- _TASK GOAL_
Provide only the number of lines below that contain the word "guān".

START DATA SECTION

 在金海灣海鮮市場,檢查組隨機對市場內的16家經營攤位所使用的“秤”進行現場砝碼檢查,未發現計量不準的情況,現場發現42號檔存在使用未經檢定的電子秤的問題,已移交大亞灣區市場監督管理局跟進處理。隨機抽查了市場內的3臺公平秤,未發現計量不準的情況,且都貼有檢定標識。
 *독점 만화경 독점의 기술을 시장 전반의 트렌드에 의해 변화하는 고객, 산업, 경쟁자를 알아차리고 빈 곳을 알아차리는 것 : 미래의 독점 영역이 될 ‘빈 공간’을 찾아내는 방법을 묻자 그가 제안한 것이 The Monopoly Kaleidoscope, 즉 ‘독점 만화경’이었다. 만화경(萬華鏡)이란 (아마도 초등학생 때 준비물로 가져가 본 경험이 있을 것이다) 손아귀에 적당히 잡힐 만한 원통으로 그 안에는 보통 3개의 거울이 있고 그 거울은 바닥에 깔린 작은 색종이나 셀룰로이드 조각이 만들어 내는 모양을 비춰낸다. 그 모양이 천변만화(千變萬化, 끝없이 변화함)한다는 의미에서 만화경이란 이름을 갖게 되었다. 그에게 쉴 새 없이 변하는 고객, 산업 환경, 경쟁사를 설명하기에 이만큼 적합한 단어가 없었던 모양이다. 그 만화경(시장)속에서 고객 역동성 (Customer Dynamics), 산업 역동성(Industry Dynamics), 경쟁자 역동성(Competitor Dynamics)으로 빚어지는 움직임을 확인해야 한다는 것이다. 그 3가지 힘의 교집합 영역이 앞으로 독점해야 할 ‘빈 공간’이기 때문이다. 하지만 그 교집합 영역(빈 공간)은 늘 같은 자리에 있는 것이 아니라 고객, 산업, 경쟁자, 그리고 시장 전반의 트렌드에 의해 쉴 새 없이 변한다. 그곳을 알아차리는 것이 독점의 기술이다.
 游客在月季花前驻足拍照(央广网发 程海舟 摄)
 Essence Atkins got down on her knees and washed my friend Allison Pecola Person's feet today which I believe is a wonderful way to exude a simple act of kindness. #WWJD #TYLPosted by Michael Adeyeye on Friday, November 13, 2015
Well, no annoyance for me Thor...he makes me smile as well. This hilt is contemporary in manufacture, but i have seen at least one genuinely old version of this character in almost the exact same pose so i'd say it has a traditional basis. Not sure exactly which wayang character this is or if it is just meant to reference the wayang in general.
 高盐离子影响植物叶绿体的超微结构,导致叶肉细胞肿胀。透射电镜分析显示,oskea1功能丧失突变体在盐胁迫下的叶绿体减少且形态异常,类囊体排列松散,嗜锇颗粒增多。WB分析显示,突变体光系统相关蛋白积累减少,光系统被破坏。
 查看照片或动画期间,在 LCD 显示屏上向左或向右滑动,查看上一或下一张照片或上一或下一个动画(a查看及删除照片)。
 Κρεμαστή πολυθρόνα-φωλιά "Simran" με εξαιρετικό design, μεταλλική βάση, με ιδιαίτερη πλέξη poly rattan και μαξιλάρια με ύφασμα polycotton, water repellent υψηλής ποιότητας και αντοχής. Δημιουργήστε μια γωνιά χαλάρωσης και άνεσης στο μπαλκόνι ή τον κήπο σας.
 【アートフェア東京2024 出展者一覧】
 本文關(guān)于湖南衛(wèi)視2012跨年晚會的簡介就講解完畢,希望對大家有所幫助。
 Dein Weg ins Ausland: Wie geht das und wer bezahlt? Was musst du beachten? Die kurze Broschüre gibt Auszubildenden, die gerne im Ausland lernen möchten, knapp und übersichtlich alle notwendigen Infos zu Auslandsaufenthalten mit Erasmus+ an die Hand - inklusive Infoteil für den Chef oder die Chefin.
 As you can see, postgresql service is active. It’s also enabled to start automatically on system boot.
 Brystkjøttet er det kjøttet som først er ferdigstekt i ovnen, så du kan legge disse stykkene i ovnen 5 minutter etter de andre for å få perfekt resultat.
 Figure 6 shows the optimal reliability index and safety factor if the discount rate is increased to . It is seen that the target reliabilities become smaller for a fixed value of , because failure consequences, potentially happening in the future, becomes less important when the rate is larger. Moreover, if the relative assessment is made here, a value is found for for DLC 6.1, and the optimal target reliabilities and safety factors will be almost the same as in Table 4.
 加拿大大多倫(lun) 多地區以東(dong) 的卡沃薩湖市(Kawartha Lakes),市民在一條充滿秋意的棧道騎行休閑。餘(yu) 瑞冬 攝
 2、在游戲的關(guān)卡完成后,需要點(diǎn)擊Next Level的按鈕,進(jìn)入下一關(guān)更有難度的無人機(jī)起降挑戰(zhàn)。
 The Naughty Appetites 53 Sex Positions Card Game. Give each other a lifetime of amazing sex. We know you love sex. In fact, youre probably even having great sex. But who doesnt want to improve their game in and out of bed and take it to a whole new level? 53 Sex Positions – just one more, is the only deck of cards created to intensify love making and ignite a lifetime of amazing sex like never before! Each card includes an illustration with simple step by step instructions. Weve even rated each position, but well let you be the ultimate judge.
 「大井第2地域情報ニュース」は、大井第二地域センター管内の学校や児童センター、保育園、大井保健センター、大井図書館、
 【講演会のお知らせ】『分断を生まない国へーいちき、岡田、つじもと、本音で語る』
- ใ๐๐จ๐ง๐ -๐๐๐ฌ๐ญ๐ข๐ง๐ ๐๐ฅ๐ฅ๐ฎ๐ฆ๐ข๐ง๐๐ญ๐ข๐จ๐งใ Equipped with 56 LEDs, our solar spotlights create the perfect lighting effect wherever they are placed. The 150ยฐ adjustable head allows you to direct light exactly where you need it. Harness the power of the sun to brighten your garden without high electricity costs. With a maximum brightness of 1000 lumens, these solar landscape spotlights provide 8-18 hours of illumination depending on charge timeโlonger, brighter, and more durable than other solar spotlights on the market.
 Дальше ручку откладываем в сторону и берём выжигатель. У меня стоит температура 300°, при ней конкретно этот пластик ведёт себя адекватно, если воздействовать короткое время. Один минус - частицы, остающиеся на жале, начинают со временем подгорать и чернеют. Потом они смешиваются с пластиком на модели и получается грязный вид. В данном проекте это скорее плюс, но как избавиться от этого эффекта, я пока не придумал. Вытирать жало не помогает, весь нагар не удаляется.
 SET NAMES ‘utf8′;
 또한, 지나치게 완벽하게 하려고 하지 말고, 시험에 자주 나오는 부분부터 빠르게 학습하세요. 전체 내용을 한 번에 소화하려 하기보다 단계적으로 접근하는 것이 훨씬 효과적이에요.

END DATA SECTION

- _PROBLEM SOLUTION_
2